- **WHAT YOU HAVE TO DO**:
Write out word for word the lines from the one holding "Hello students! Welcome" through the end of the data, and only those lines. Pictures stay out.

- **RECORDED INFORMATION**:
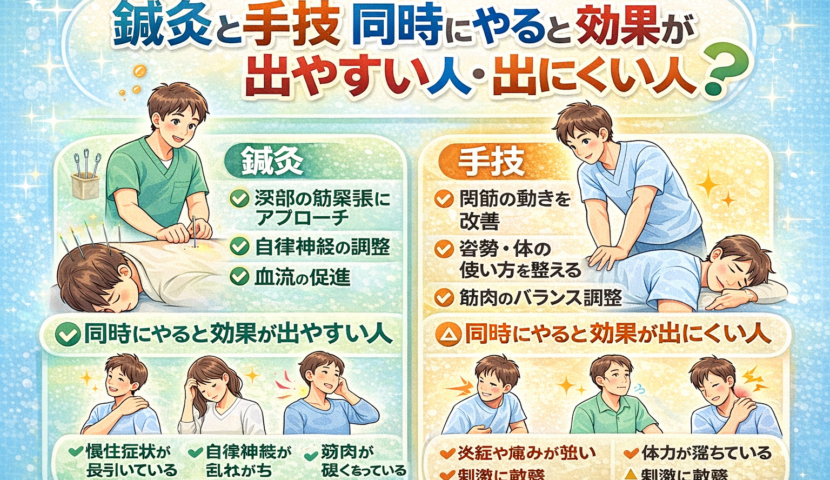 結論から言うと、鍼灸と手技を同時に行うことで効果が出やすい方もいれば、逆に出にくい方もいます。
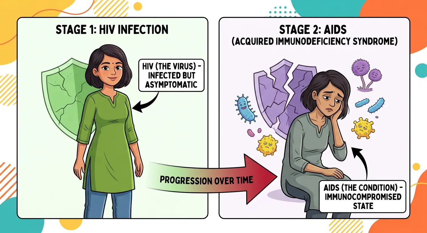 Hello students! Welcome to this session on HIV and AIDS. First, let's clear up a major confusion: HIV is the virus itself, and AIDS is the advanced stage of the disease. While HIV infection is the starting point, AIDS only occurs when the immune system is severely compromised over time. Think of it as a small spark that could potentially lead to a forest fire if not controlled.
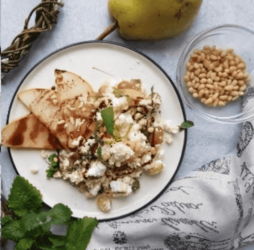 Салат с кускусом, грушами, виноградом, мятой и кедровыми орехами
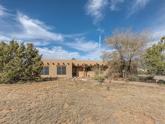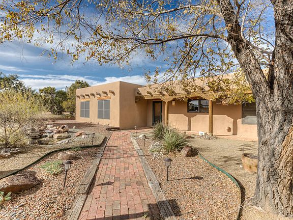 Charming Santa Fe Pueblo style home on 3.7 private wooded acres. Lovely brick path leads you through the beautiful landscaped front yard. Gorgeous southwest finishes throughout the home include gleaming Saltillo tiles, high Viga and T&G ceilings, wood burning Kiva fireplace that heats the whole home, and talavera tiles in the kitchen and bathrooms. Large kitchen with island opens to the living room, perfect for entertaining. Enjoy the covered back patio with beautiful landscaped yard and amazing views of South Mountain. Large updated master suite boasts double sinks and a snail shower. Beautiful outdoor grounds, fenced back yard, and 750sf shop in addition to attached 2 car garage. Radiant heat, NATURAL GAS, refrigerated air and wide hallways/doors.CHECK OUT THE AWESOME VIRTUAL TOUR!

- **OUTPUT FOR THIS EXERCISE**:
 Hello students! Welcome to this session on HIV and AIDS. First, let's clear up a major confusion: HIV is the virus itself, and AIDS is the advanced stage of the disease. While HIV infection is the starting point, AIDS only occurs when the immune system is severely compromised over time. Think of it as a small spark that could potentially lead to a forest fire if not controlled.
 Салат с кускусом, грушами, виноградом, мятой и кедровыми орехами
 Charming Santa Fe Pueblo style home on 3.7 private wooded acres. Lovely brick path leads you through the beautiful landscaped front yard. Gorgeous southwest finishes throughout the home include gleaming Saltillo tiles, high Viga and T&G ceilings, wood burning Kiva fireplace that heats the whole home, and talavera tiles in the kitchen and bathrooms. Large kitchen with island opens to the living room, perfect for entertaining. Enjoy the covered back patio with beautiful landscaped yard and amazing views of South Mountain. Large updated master suite boasts double sinks and a snail shower. Beautiful outdoor grounds, fenced back yard, and 750sf shop in addition to attached 2 car garage. Radiant heat, NATURAL GAS, refrigerated air and wide hallways/doors.CHECK OUT THE AWESOME VIRTUAL TOUR!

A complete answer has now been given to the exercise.